ENTRIES PROVIDED |

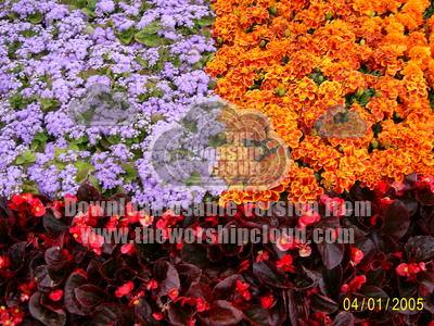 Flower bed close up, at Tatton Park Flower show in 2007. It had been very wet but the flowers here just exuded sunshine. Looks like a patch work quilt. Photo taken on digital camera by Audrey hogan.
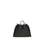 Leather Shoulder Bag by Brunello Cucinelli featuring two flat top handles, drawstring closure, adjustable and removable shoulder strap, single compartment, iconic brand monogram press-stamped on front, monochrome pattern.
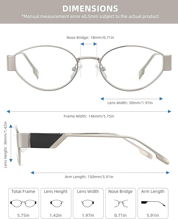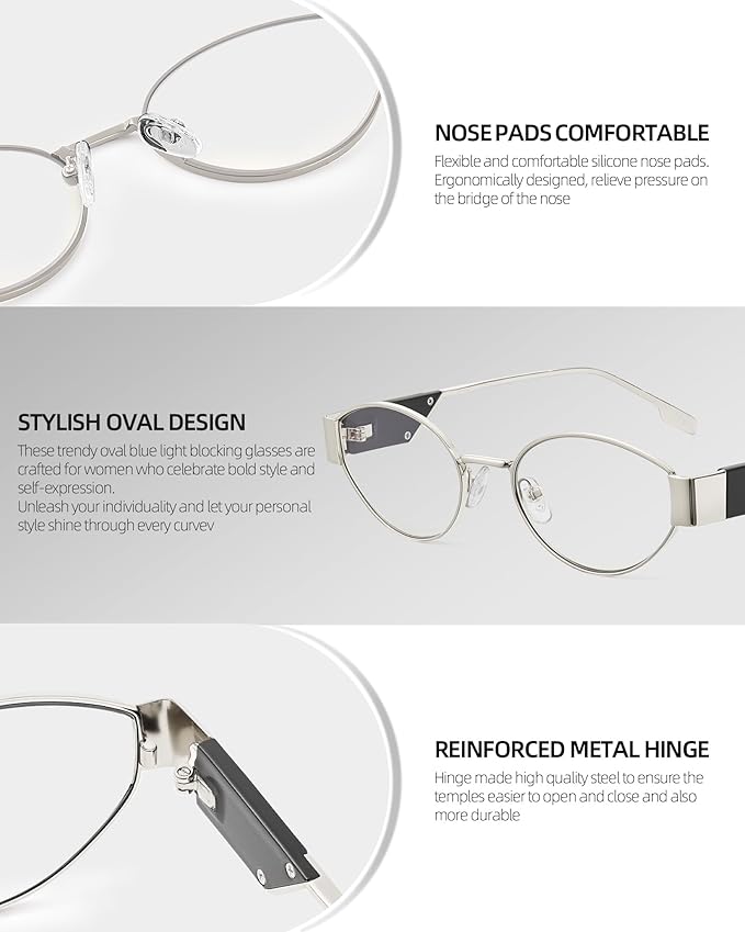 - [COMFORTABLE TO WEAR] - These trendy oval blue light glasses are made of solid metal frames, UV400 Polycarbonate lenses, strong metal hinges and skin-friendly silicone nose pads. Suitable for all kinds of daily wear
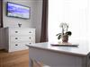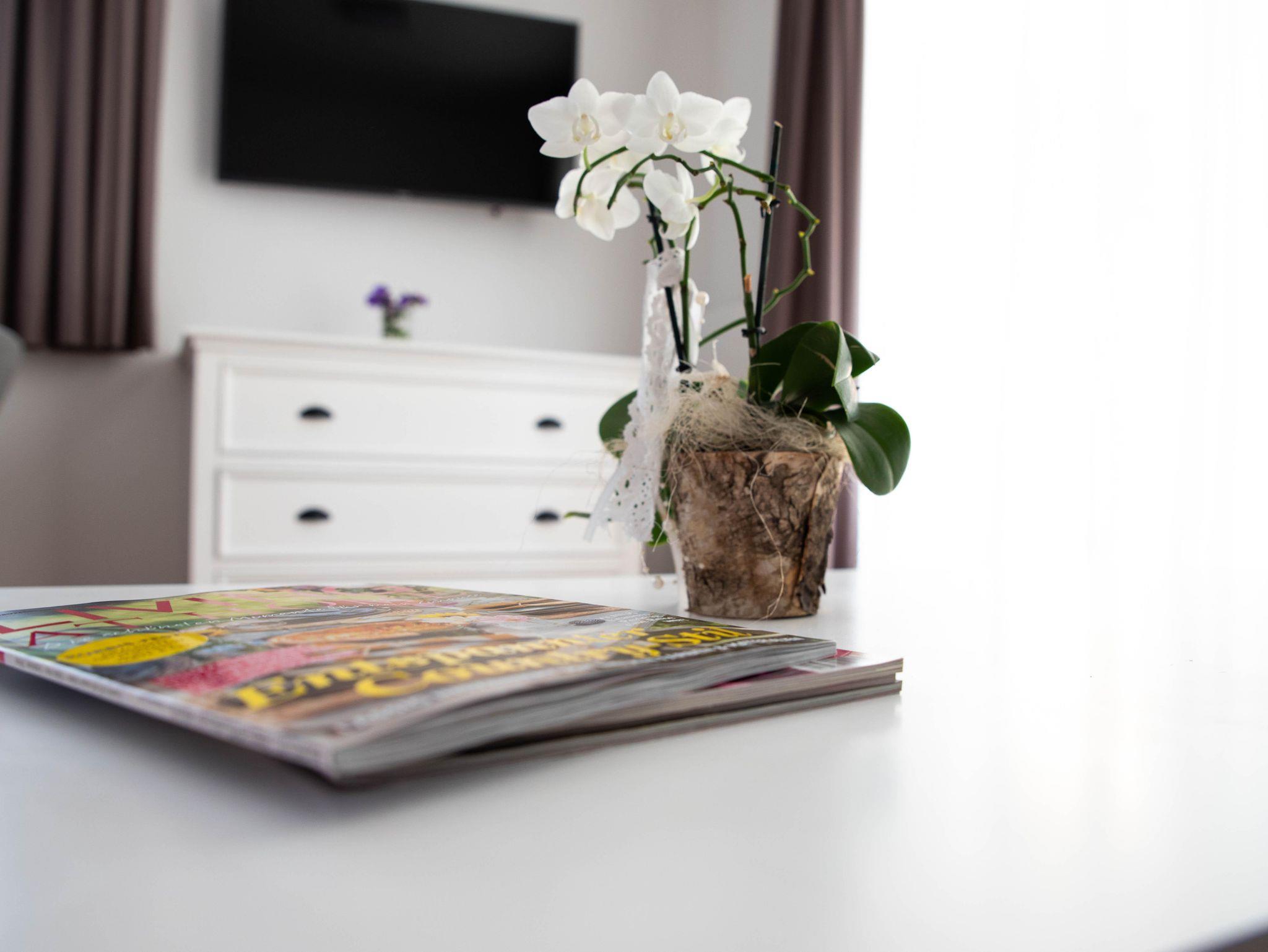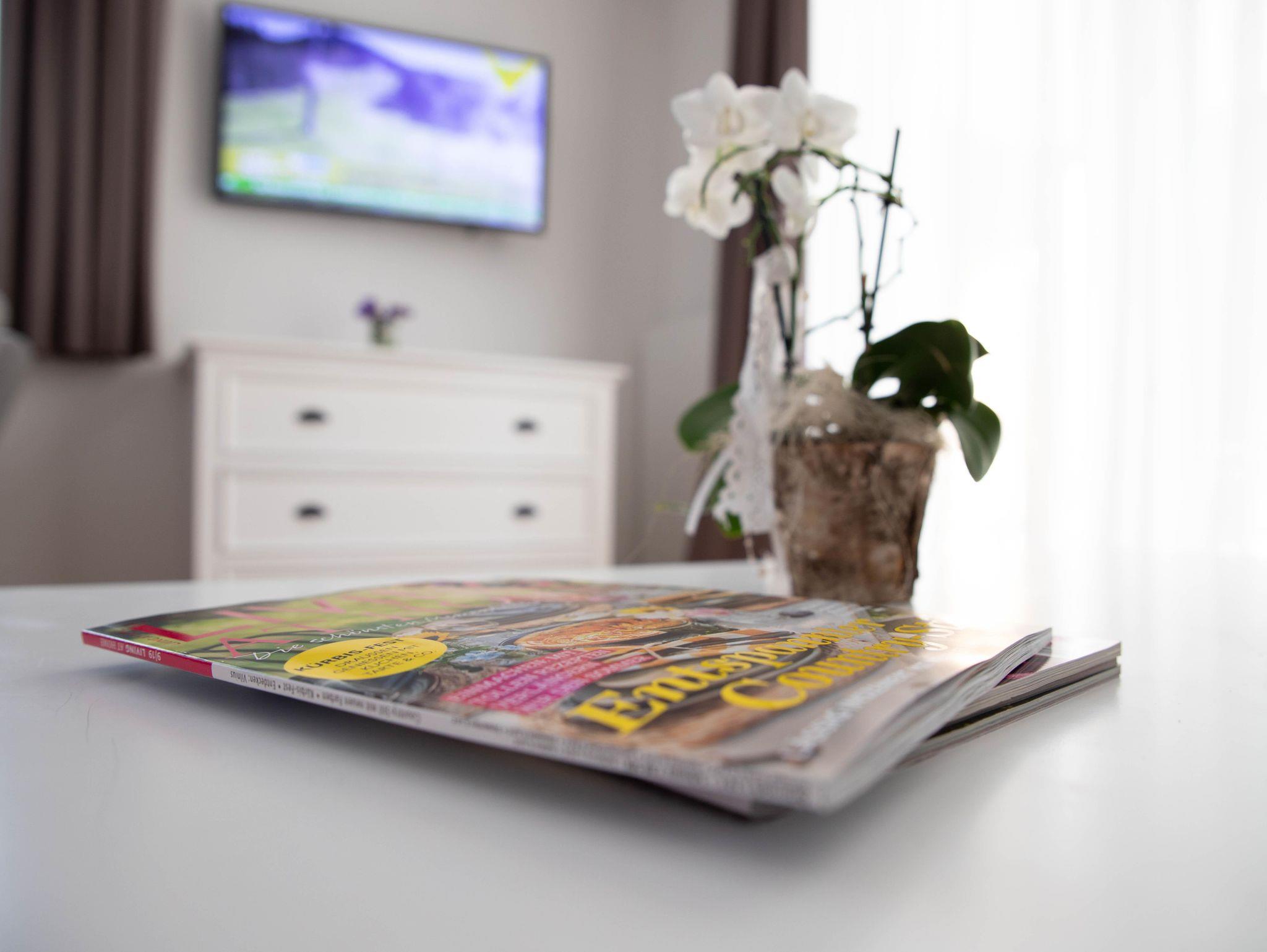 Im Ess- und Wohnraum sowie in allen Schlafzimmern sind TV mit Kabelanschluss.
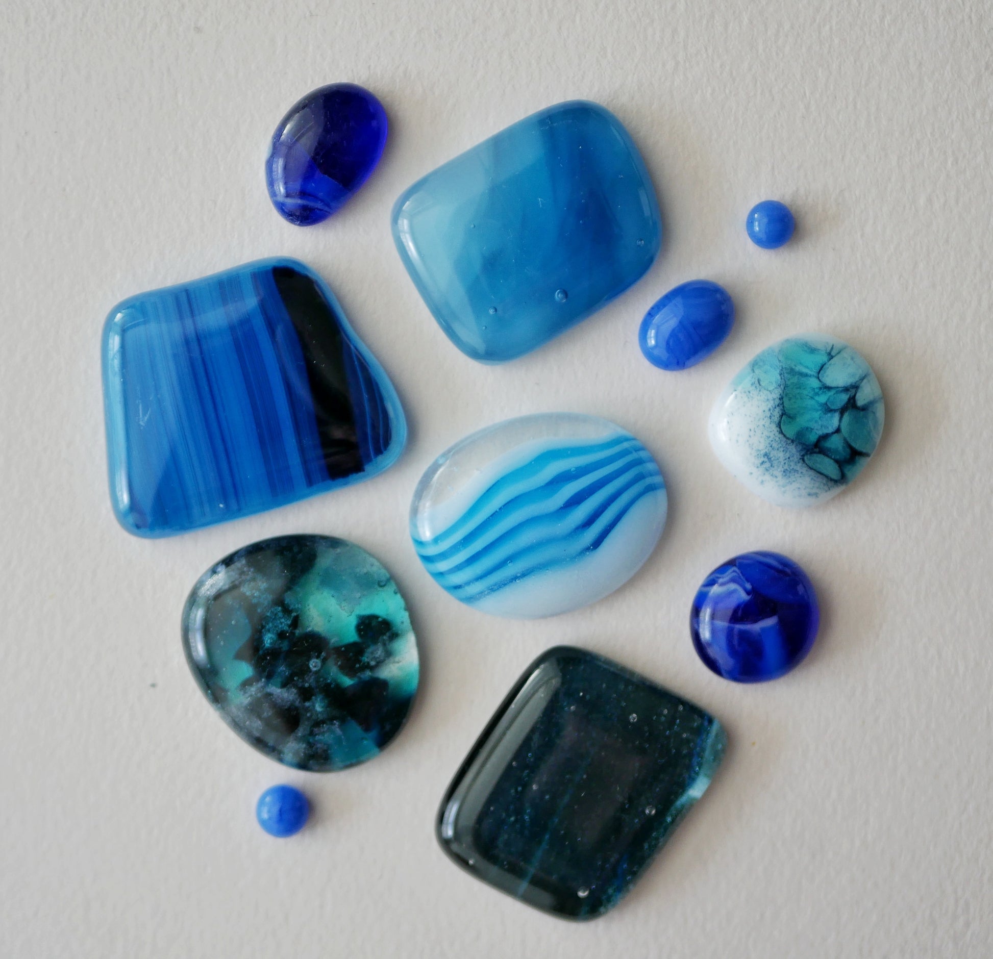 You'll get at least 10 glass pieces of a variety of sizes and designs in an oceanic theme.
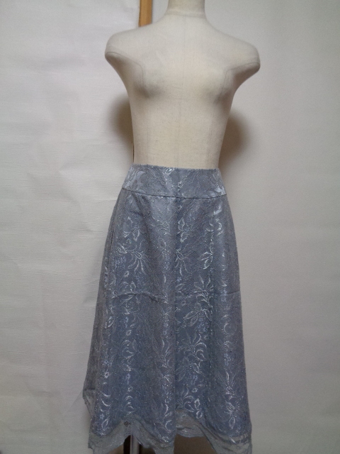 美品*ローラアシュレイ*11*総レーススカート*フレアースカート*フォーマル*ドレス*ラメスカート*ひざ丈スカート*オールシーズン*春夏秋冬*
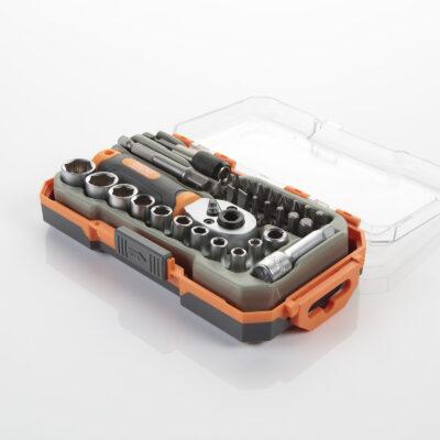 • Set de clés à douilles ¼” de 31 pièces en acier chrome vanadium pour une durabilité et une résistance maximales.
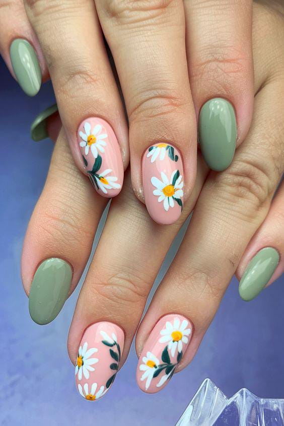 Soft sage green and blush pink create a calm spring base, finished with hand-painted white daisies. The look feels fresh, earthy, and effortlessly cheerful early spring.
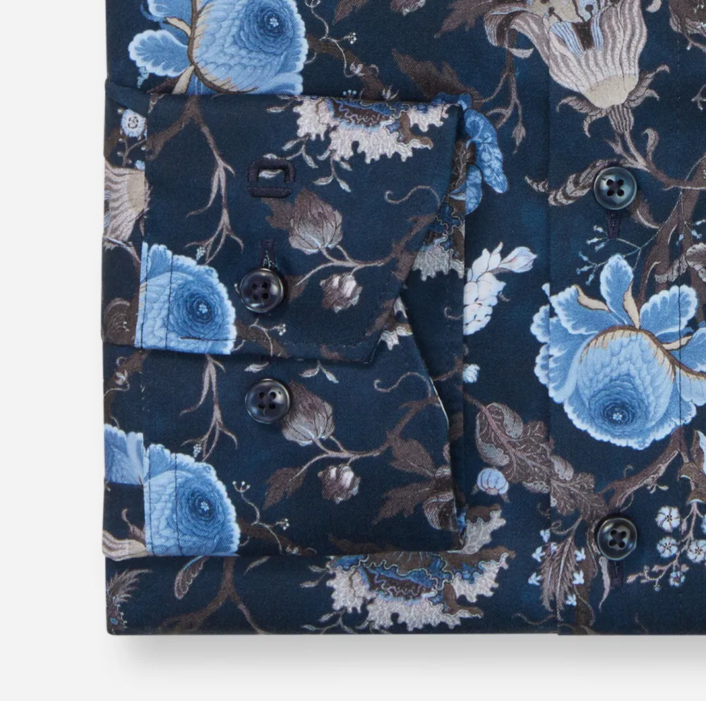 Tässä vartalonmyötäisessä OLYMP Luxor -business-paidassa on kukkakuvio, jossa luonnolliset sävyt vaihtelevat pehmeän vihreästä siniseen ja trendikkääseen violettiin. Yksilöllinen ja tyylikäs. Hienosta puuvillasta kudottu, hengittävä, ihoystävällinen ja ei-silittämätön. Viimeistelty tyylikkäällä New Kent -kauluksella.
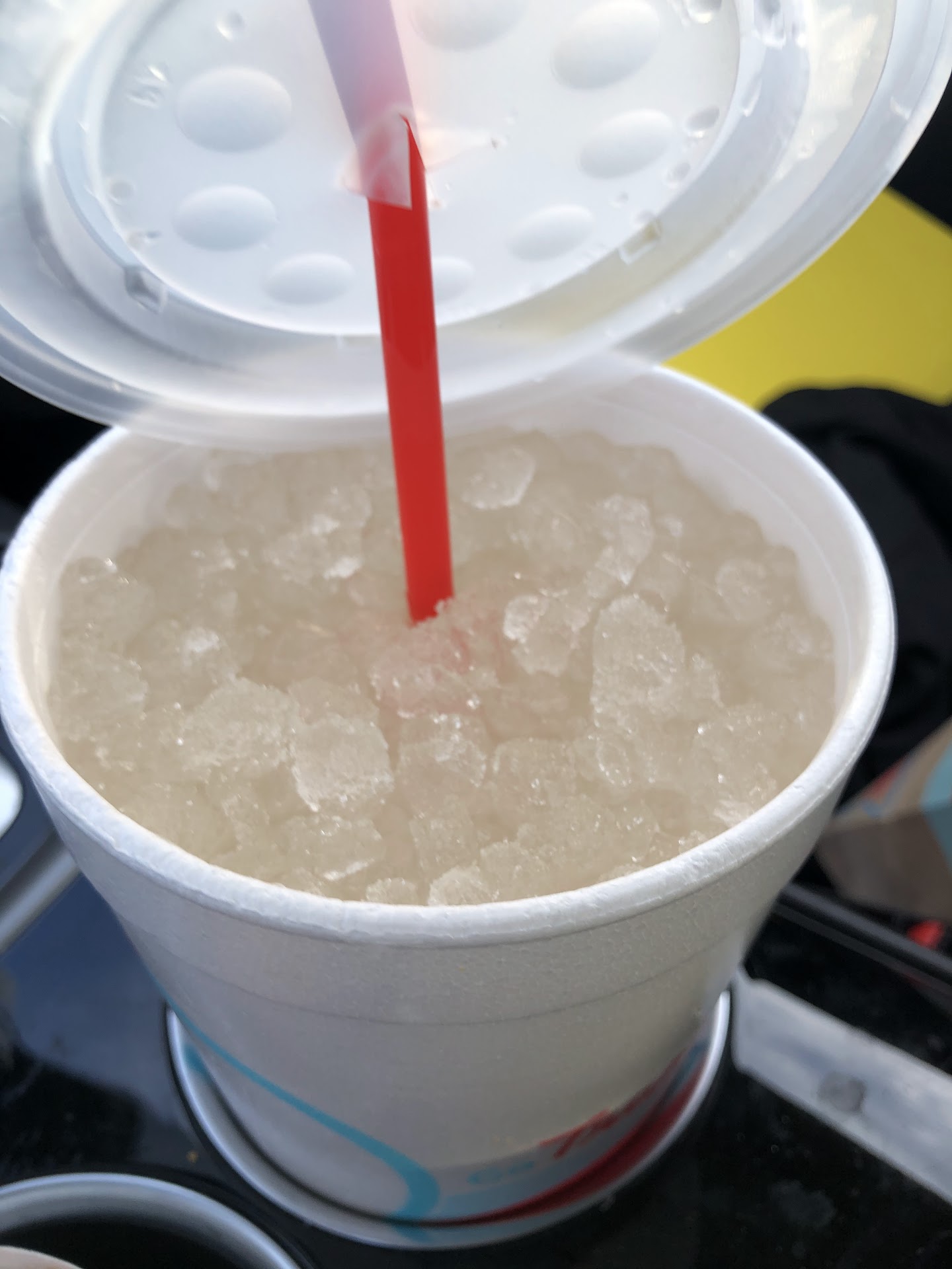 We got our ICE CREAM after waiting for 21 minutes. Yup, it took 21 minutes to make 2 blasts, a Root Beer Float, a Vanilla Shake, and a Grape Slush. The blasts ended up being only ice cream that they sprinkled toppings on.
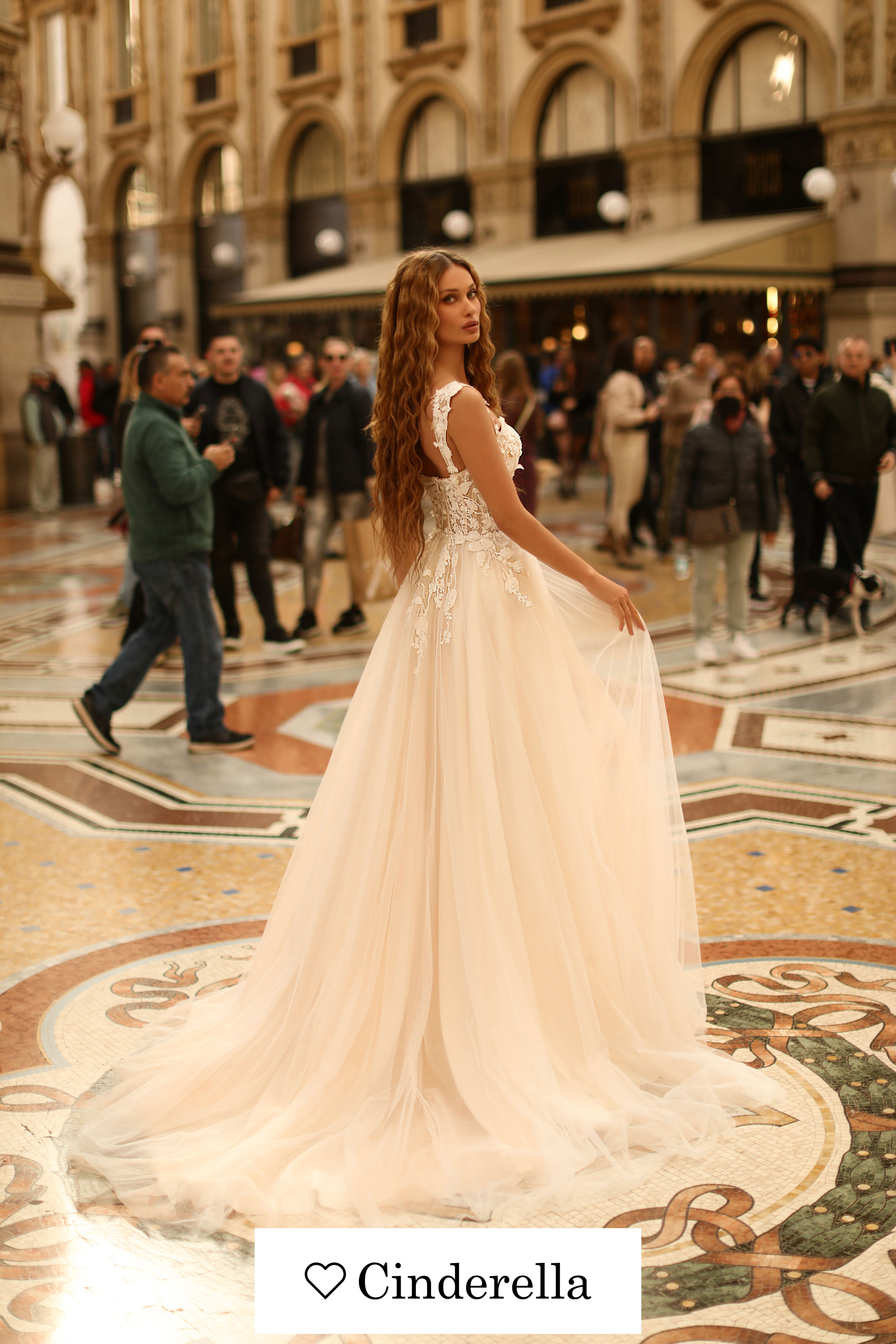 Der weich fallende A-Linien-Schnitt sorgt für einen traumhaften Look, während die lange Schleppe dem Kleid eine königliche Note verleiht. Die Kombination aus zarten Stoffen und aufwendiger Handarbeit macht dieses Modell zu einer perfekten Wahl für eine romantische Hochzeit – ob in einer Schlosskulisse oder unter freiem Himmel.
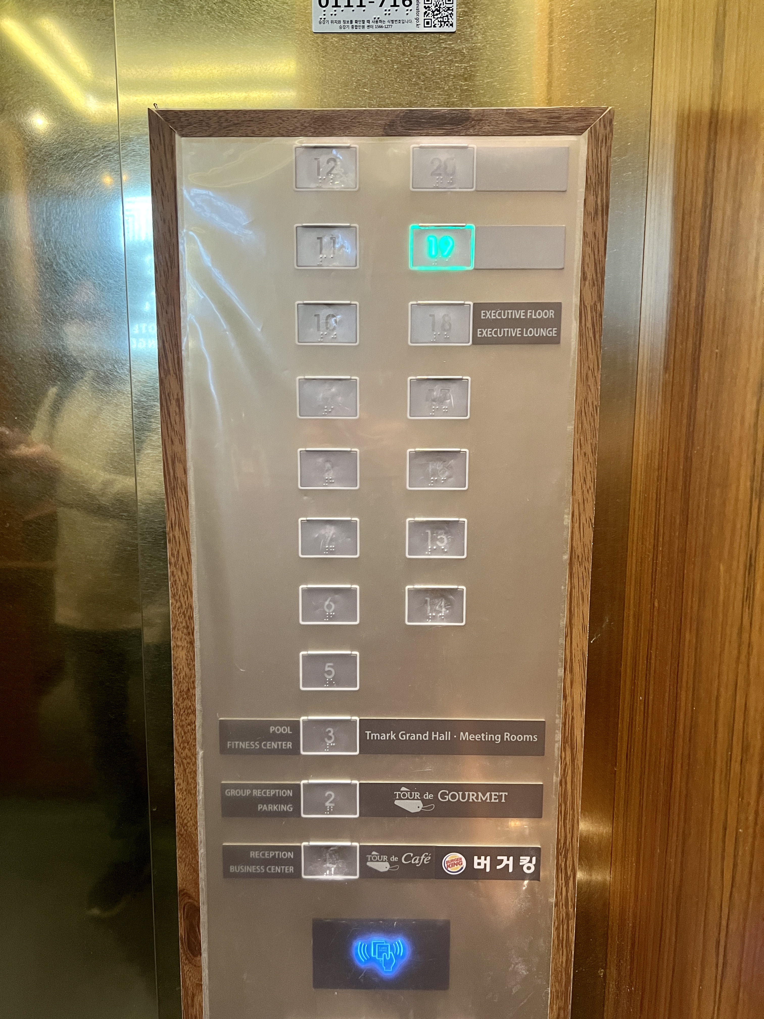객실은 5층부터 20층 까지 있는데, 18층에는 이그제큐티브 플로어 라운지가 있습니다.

ACTIVITY | Repeat the listing above from its first line through the line that contains "une résistance maximales.", both included, and nothing more. Drop the pictures.

RESPONSE AREA |
 Flower bed close up, at Tatton Park Flower show in 2007. It had been very wet but the flowers here just exuded sunshine. Looks like a patch work quilt. Photo taken on digital camera by Audrey hogan.
 Leather Shoulder Bag by Brunello Cucinelli featuring two flat top handles, drawstring closure, adjustable and removable shoulder strap, single compartment, iconic brand monogram press-stamped on front, monochrome pattern.
 - [COMFORTABLE TO WEAR] - These trendy oval blue light glasses are made of solid metal frames, UV400 Polycarbonate lenses, strong metal hinges and skin-friendly silicone nose pads. Suitable for all kinds of daily wear
 Im Ess- und Wohnraum sowie in allen Schlafzimmern sind TV mit Kabelanschluss.
 You'll get at least 10 glass pieces of a variety of sizes and designs in an oceanic theme.
 美品*ローラアシュレイ*11*総レーススカート*フレアースカート*フォーマル*ドレス*ラメスカート*ひざ丈スカート*オールシーズン*春夏秋冬*
 • Set de clés à douilles ¼” de 31 pièces en acier chrome vanadium pour une durabilité et une résistance maximales.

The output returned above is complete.